Economic Reasons / Rebeca Monzo

Many people on my planet have been abducted by official propaganda, which goes into the same sack as all the emigration that has occurred, especially since 1959, which is classified as of economic origin.

They especially want to justify to others, as economic, the reasons why their children and close relatives have abandoned the country. As if they were ashamed that a child of the Revolution, born into it, educated at its schools, and in the embrace of a close family, would have to justify this decision to others so it won’t be questioned. And they always add the famous tagline that throughout the world many people constantly emigrate for the same reasons.

In saying this, they seem to forget that when people in other countries emigrate for economic reasons, they don’t risk losing their current jobs when they communicate their decision, their house (if they live alone), or (if they live with others) that the relatives with whom they live will have to pay the State for the share of the home that corresponds to the one who is leaving. In addition, they have to submit an inventory of all their belongings, get themselves taken off the ration card, turn in their identity card, and, of course, ask permission to leave. Also if things go wrong they can’t return, because from that point on they have absolutely nothing to do with their country of origin.
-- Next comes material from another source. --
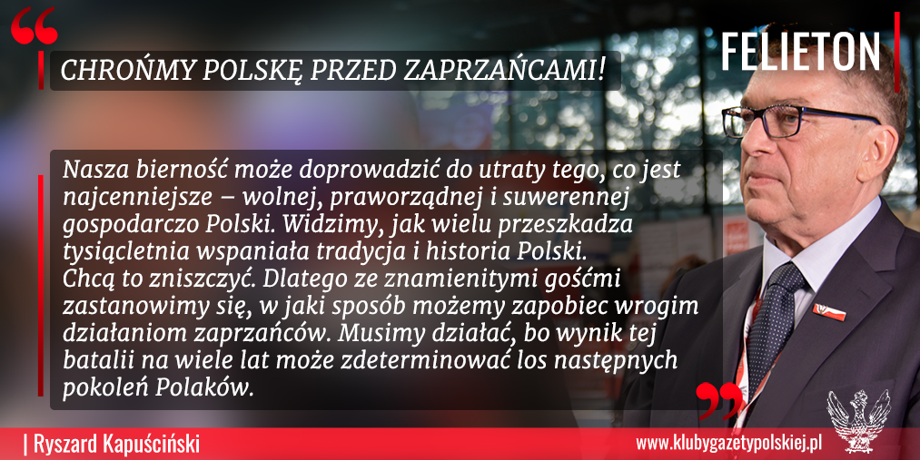Dzisiaj w Sulejowie rozpoczyna się VII Nadzwyczajny Zjazd Klubów „Gazety Polskiej”. Wielu Czytelników może się zastanawiać, dlaczego organizujemy kolejny zjazd. Jakie są powody, że już po dwóch miesiącach od ostatniego spotkania środowisko klubów „GP” postanowiło spotkać się ponownie. Odpowiedź jest prosta: doszliśmy do wniosku, że sytuacja polityczna w Polsce i Europie obliguje nas do ponownego spotkania. Każdy, kto interesuje się sprawami polskimi, kto interesuje się polityką, widzi, jak Polska jest osaczana przez wrogów zewnętrznych i – co ze zgorszeniem obserwujemy – przez wrogów wewnętrznych. Widzimy nagonkę brukselskich urzędników na konstytucyjne organy państwa i, co haniebne, maski opadły, więc zobaczyliśmy, jak wielu wrogów ukryło się w partiach opozycyjnych. Nasza bierność może doprowadzić do utraty tego, co jest najcenniejsze – wolnej, praworządnej i suwerennej gospodarczo Polski. Widzimy, jak wielu przeszkadza tysiącletnia wspaniała tradycja i historia Polski. Chcą to zniszczyć. Dlatego ze znamienitymi gośćmi zastanowimy się, w jaki sposób możemy zapobiec wrogim działaniom zaprzańców. Musimy działać, bo wynik tej batalii na wiele lat może zdeterminować los następnych pokoleń Polaków.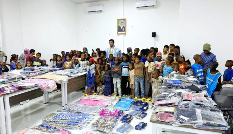 Le président de la région d’Inchiri, M. Cheikh Malainine Abedi Gharabi, a supervisé, lundi à Akjoujt, la distribution de vêtements d’El Id à 400 enfants orphelins à Akjoujt et à Benichab, en plus de fauteuils roulants aux personnes ayant des besoins spéciaux.

So when someone tells me that Cubans emigrate for economic reasons, they are pointing to just one aspect of the phenomenon. In my view, there are at least two reasons that produce this alarming emigration: political and economic, the latter being the effect, not the cause, of the first. There is no one who doesn’t know that our leaders, on several occasions, with no shame at all, have proclaimed that in this system politics is above economics. I don’t believe anyone is deceived by the continual parroting of this kind of euphemistic slogan.